▸ TASK
Starting with the first line of the data below, copy each line up to and including the one containing "Цветение вишни весной, вишневый". Pictures stay out.

▸ DATA FOR PROCESSING
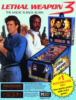 Lethal Weapon 3 is a pinball machine produced by Data East Pinball in 1992.[1] It is based on the movie of the same name, which was the most popular film in summer 1992. The game featured a Generation 3 FullView dot matrix display, which was larger than the current industry standard, and displayed digitized movie clips.[1] The game also featured a hidden leveling system, in which players "grab hold of the Data East gun handle and eliminate bad guys in one of three video crime simulator shoot outs".[1] By 1994, it was Data East's all-time most successful pinball machine.[2] The game was designed by Markus Rothkranz.[3]
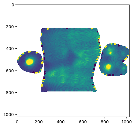 plt.imshow(distortion_interpolated, vmin=0, vmax=0.75*1e7)/home/nikolas/Documents/UCSB/streichan/numerics/code/python_code/jupyter_notebooks/blender-tissue-cartography/blender_tissue_cartography/interpolation.py:217: RuntimeWarning: UV map has self-intersections, 33 flipped triangles. Try use_fallback=True?
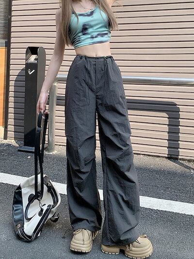 2024春夏パンツ ロング丈 ワイド ストレート ハイウエスト 美脚効果 脚長効果 細見え 夏 白 黒 おしゃれ かわいい 韓国ファッション レディース お出かけ
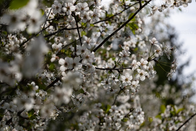Цветение вишни весной, вишневый сад, белые цветы
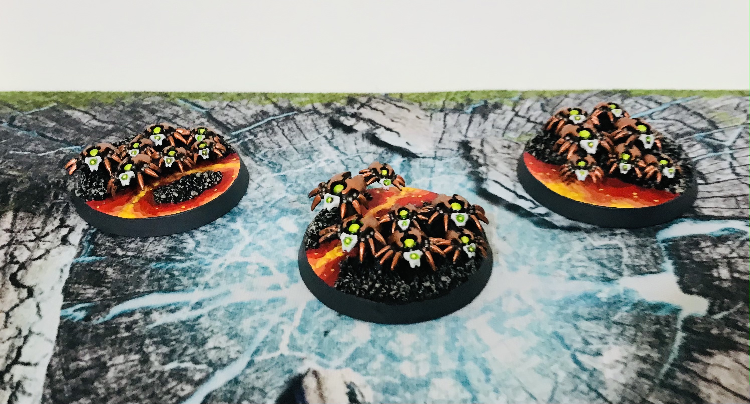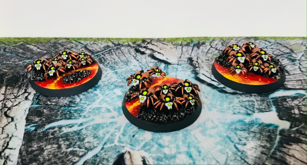 Central to a good Necrons force is–of course–the Scarab Swarms. I added three more to my force this past week. Not fast progress, but was good to get them done. They’re great for screening units, for taking objectives, and for soaking mortal wounds from psychic-heavy armies. All-around awesome, and they’re cute to boot.

▸ TASK ANSWER
 Lethal Weapon 3 is a pinball machine produced by Data East Pinball in 1992.[1] It is based on the movie of the same name, which was the most popular film in summer 1992. The game featured a Generation 3 FullView dot matrix display, which was larger than the current industry standard, and displayed digitized movie clips.[1] The game also featured a hidden leveling system, in which players "grab hold of the Data East gun handle and eliminate bad guys in one of three video crime simulator shoot outs".[1] By 1994, it was Data East's all-time most successful pinball machine.[2] The game was designed by Markus Rothkranz.[3]
 plt.imshow(distortion_interpolated, vmin=0, vmax=0.75*1e7)/home/nikolas/Documents/UCSB/streichan/numerics/code/python_code/jupyter_notebooks/blender-tissue-cartography/blender_tissue_cartography/interpolation.py:217: RuntimeWarning: UV map has self-intersections, 33 flipped triangles. Try use_fallback=True?
 2024春夏パンツ ロング丈 ワイド ストレート ハイウエスト 美脚効果 脚長効果 細見え 夏 白 黒 おしゃれ かわいい 韓国ファッション レディース お出かけ
Цветение вишни весной, вишневый сад, белые цветы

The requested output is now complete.